### RAW DATA

★ ★ ★ ★ ★ ★ ★

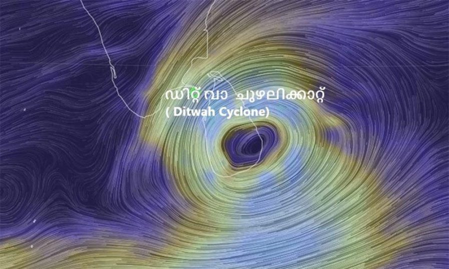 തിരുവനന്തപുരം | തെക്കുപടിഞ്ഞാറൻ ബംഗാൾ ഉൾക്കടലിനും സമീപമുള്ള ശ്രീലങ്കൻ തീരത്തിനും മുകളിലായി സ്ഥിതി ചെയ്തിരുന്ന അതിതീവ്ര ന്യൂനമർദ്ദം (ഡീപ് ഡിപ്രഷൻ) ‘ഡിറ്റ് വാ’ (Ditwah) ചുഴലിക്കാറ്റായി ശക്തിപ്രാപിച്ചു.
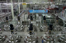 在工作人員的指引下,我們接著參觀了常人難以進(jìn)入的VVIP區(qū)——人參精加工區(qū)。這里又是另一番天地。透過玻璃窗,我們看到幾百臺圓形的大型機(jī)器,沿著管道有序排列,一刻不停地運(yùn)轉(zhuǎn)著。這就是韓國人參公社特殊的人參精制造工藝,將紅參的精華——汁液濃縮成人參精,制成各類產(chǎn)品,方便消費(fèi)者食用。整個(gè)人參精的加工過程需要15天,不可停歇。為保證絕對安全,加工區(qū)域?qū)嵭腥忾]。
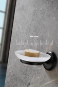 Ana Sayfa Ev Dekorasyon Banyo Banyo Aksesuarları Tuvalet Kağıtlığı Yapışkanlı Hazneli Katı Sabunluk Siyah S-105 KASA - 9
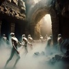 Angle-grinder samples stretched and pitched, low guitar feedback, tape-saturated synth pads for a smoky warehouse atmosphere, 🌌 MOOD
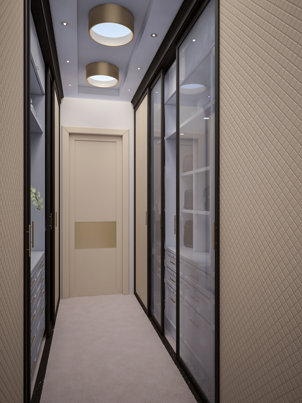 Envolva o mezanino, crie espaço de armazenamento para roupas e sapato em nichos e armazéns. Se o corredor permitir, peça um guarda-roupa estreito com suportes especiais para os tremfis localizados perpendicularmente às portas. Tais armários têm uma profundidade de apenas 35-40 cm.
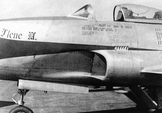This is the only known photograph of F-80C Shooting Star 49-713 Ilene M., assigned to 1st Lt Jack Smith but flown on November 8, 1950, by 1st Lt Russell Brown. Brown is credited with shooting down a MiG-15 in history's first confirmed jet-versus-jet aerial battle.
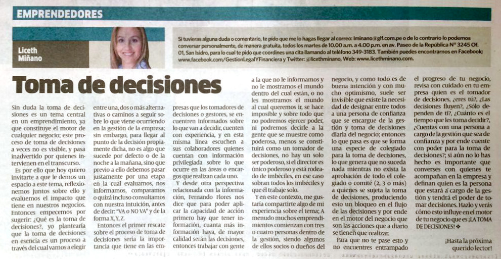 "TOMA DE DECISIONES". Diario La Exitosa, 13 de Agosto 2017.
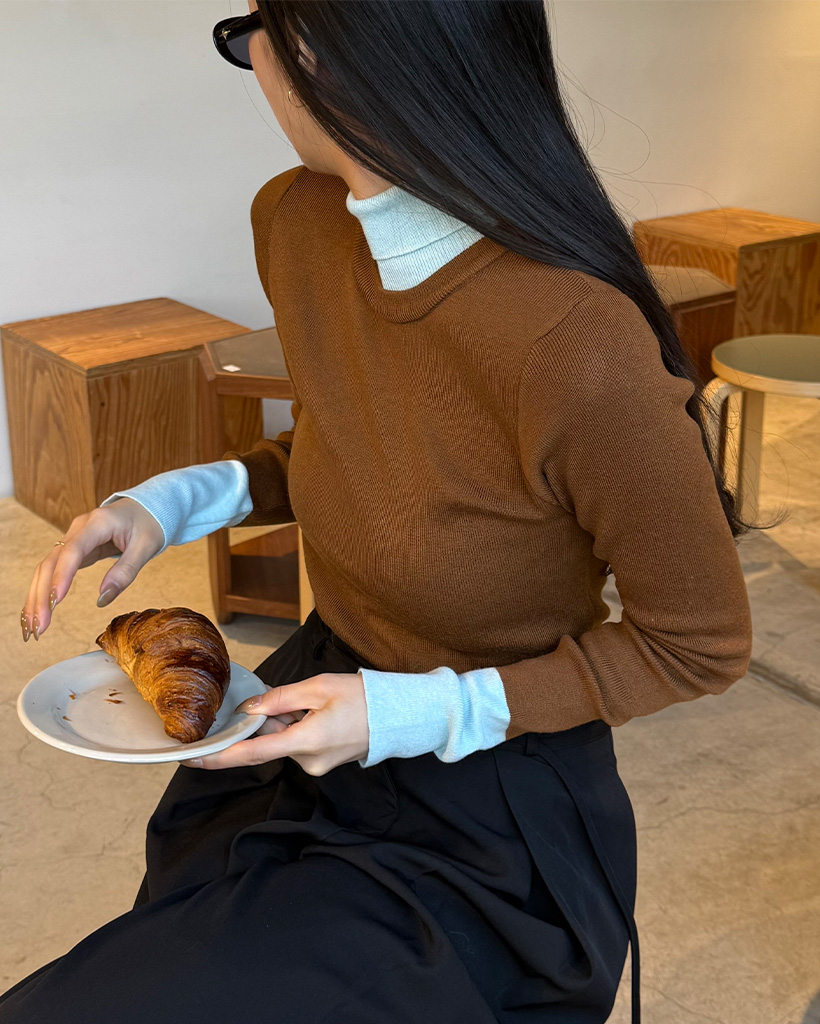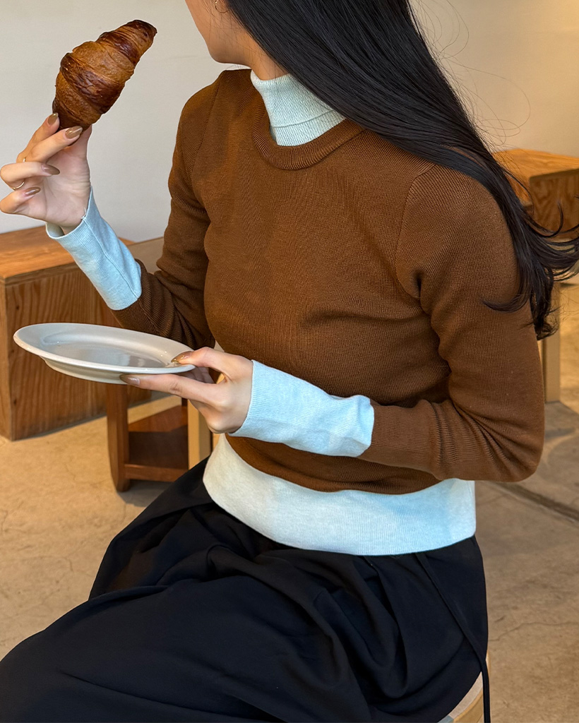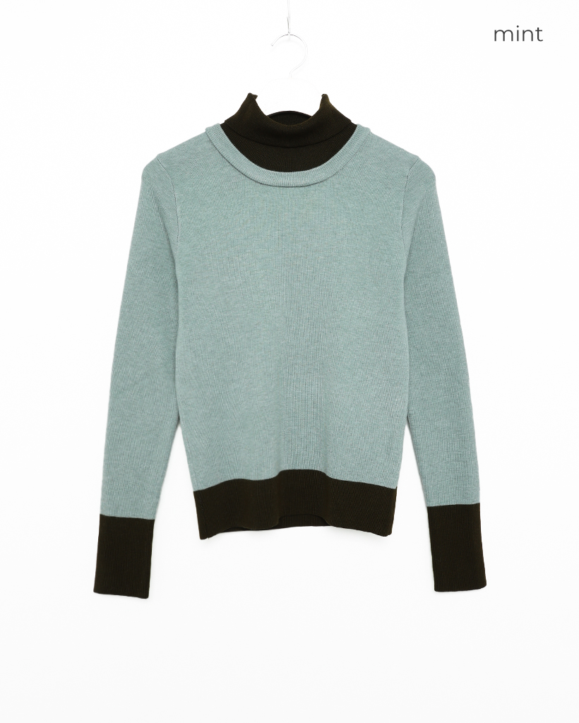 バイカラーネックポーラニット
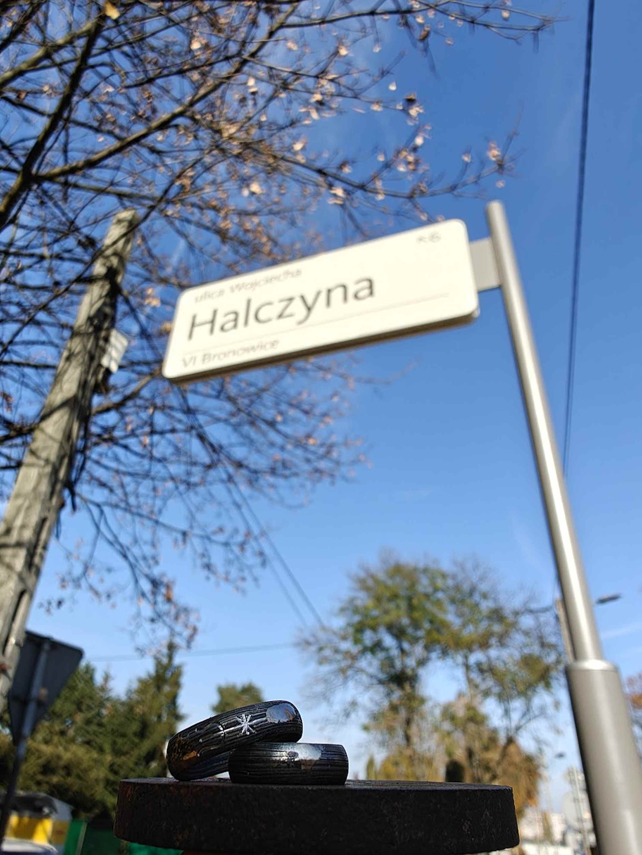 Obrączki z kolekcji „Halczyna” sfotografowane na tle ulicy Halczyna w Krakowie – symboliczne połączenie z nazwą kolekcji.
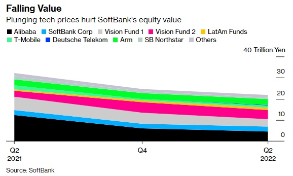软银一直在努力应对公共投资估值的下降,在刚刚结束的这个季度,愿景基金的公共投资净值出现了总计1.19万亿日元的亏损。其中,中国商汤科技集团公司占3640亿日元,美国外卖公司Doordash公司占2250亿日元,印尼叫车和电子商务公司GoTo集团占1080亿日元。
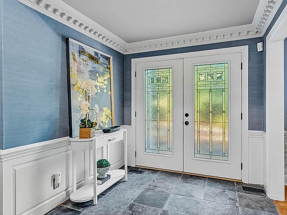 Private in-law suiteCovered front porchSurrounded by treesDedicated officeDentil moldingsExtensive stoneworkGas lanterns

★ ★ ★ ★ ★ ★ ★

Only exact duplicates of the lines from the one containing "Obrączki z kolekcji" through the final line of the entries, both included, are needed, with pictures left out.

### SOLUTION TO THE PROBLEM
 Obrączki z kolekcji „Halczyna” sfotografowane na tle ulicy Halczyna w Krakowie – symboliczne połączenie z nazwą kolekcji.
软银一直在努力应对公共投资估值的下降,在刚刚结束的这个季度,愿景基金的公共投资净值出现了总计1.19万亿日元的亏损。其中,中国商汤科技集团公司占3640亿日元,美国外卖公司Doordash公司占2250亿日元,印尼叫车和电子商务公司GoTo集团占1080亿日元。
 Private in-law suiteCovered front porchSurrounded by treesDedicated officeDentil moldingsExtensive stoneworkGas lanterns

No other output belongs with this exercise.